St. John's College Fordham, New York
William Rodrigue
An item at Metropolitan Museum of Art
This picturesque view shows St. John's College several years after it was established in 1841 by John Hughes, Bishop of New York, in an area of Rose Hill (now part of the Bronx in New York City). Across the circular lawn, where some students play cricket, the university church (the building with the steeple) stands prominently in the left background. Its architect William Rodrigue (who drew this image lithographed by Francis Michelin), was the brother-in-law of Bishop Hughes, who commissioned him to design the earliest buildings of St. John's College: St. John's Chapel (now University Church) and the Residence Hall -- both completed in 1846. What began as a small preparatory school and liberal arts college, run by the Jesuits since 1846, was renamed Fordham Univerity in 1907. Today, it is the largest Catholic and Jesuit university in the northeastern United States. .
Drawings and Prints
An exhibit at Metropolitan Museum of Art
The Department’s vast collection of works on paper comprises approximately 21,000 drawings, 1.2 million prints, and 12,000 illustrated books created in Europe and the Americas from about 1400 to the present day.
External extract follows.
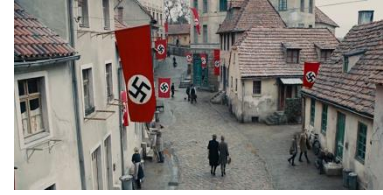
Resim 7. Altıncı Sekans

Kavramsal anlam boyutunda Almanların sosyal hayatı yansıtılmaktadır. HJ üniformaları ve bayraklarından ve Hitler'in doğum günü için asılan Nazi Almanya'sının bayraklarından yan anlamsal anlam açısından Alman sosyal hayatında Nazi rejiminin etkisi aktarılmaktadır. Toplumsal anlam boyutunda NSDAP iktidarında yaşam ortaya konulmaktadır. Partinin, Alman halkının toplumsal hayatı üzerindeki etkisine vurgu yapılmakta, bu açıdan duygusal anlam açısından egemenlik ön plana çıkarılmaktadır. Yansıtıcı anlam boyutunda Nazizm, otorite mesajı vermektedir. NSDAP'nin liderliğinde Nazizm ideolojisinin Alman eğitiminde olduğu gibi Alman toplumsal hayatında da egemen olduğu düşüncesi ortaya çıkmaktadır. Eşdizimsel anlam açısından Liesel'in Nazi rejimi altında yaşaması yansıtılmaktadır. Liesel'in eğitim hayatında olduğu gibi toplumsal hayatında da Nazizm ideolojisine maruz kaldığı mesajı verilmektedir. Konusal anlam boyutunda Nazizm ve sosyal hayat vurgulanmaktadır. Nazi Almanya'sında sosyal hayatın Nazizm ideolojisi ekseninde şekillendiğine yönelik algı oluşturulmaktadır.
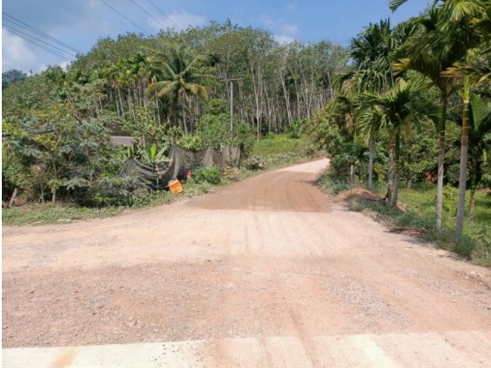
- ภาพก่อนดำเนินการ -

Since its foundation in 1916, the Department has been committed to collecting a wide range of works on paper, which includes both pieces that are incredibly rare and lauded for their aesthetic appeal, as well as material that is more popular, functional, and ephemeral. The broad scope of the department’s collecting encourages questions of connoisseurship as well as those pertaining to function and context, and demonstrates the vital role that prints, drawings, and illustrated books have played throughout history.